时商和霍婉都笑成一团。
凤奉简直像看戏一样,「启山,她们一直都这样么?」
霍老爷子对于眼前的场景早已习以为常,「对,一直都这样,让你见笑了。」
「没有。」凤奉看着时商,脸上难得扬起笑,「你是不知道以前商商过的什么日子…这不提也罢了,现在的商商很好,嫁到你们霍家,是商商的福气。」
「这话就见外了,我们早已把商商当成一家人。」
「你孙子呢?」
「在公司。」霍老转过头,「今晚在这吃了晚饭再回去?」
「好啊。」
他正要见见霍家那小子。
傍晚。
霍温庭回到家,见时商在跟宋女士学插花,姑姑则坐在一旁嗑瓜子看电视。
「你们挺悠闲。」
霍婉眼睛看着电视,理所当然地说,「霍家女人享福,霍家男人赚钱,天经地义。
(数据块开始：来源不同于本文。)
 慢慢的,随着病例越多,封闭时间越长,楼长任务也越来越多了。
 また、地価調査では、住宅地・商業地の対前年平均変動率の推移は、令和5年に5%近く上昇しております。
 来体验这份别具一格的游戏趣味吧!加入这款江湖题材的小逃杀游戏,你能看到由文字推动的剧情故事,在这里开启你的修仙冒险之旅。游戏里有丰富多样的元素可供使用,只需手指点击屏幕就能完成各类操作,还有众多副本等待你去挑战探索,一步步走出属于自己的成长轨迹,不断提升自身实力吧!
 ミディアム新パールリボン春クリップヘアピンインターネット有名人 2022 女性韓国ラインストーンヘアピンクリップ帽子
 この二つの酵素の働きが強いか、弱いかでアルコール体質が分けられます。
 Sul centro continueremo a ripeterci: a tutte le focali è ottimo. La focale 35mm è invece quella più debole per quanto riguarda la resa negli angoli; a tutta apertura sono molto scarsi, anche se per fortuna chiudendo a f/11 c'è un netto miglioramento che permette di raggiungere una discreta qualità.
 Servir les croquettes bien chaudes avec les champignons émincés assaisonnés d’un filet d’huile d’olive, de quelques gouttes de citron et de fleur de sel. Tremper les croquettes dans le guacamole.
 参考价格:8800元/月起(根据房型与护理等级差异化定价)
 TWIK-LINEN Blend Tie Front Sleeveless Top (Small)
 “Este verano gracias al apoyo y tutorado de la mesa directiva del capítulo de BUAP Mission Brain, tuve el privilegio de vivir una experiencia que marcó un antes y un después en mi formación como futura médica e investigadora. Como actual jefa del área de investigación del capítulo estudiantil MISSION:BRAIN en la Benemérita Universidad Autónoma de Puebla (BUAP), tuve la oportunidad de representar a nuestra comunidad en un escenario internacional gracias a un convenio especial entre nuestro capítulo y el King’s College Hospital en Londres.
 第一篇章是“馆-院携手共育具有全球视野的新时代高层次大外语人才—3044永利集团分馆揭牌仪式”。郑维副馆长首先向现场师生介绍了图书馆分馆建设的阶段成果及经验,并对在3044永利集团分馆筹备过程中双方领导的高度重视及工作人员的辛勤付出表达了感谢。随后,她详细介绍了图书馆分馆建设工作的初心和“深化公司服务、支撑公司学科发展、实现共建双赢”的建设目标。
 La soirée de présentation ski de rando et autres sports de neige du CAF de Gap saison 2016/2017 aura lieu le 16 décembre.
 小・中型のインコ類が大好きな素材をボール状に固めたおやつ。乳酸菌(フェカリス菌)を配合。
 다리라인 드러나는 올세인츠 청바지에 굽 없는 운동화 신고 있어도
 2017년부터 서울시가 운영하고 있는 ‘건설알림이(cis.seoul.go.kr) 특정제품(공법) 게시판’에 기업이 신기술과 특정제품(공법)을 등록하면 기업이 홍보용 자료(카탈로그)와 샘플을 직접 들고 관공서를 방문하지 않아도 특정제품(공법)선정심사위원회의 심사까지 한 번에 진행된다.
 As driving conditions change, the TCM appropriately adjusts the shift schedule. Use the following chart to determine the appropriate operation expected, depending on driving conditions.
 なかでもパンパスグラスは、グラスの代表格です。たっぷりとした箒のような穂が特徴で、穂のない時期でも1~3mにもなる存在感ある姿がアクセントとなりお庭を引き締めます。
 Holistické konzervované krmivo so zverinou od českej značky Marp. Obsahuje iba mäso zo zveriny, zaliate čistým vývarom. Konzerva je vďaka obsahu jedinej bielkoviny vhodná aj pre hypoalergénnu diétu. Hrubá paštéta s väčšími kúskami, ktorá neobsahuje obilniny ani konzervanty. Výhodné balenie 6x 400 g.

」
时商仰起脸,看着男人徐徐走来,他的西装外套挂在臂弯里,步伐从容稳重,目光是看着她的,时商便笑,「温庭,你回来啦。」
霍温庭从她笑颜上轻扫而过,看着桌上那瓶插得乱七八糟的花,「白色那瓶子的花是不是你插的?」
「咦,你怎么知道的?」
「丑。」
时商怔怔,「有那么丑吗,妈。」
宋华章驳回儿子的话,「你怎么能这样说时商,她是初学者,你行你来啊。」
时商学着宋女士说话,「对啊,你行你来啊。」
霍温庭轻瞥时商,瞧把她给得意的,有宋女士维护是么。
霍温庭还真来,他把时商插好的花全拿出来又重新一枝枝***去,不过几分钟的事,霍温庭修长的手指转着古董花瓶,「这不比你刚刚插的好看多了。」
时商微张着嘴,「……妈。」
他还真会!
宋女士掩唇咳嗽,尴尬,「我忘了温庭都学过。」
「……」
时商的沉默震耳欲聋。
这时,霍老和凤奉从后院进来。
「温庭,你回来了。」
霍温庭淡淡看过去,「爷爷,凤老。」
凤奉注意到他腕间的佛珠,眼神犀利,「那佛珠有点眼熟。」
「这个么。」霍温庭抬起手腕,棕眸扫着黑色佛珠,「时商送我的。」
凤奉,「我凤家的东西我当然认得,我告诉商商有这东西原本是想让她自己戴着,没想到她给你了。」
宋华章偏过视线往那串佛珠看了一眼,凤老做出的东西是珍贵的,而时商把那份珍贵给了温庭。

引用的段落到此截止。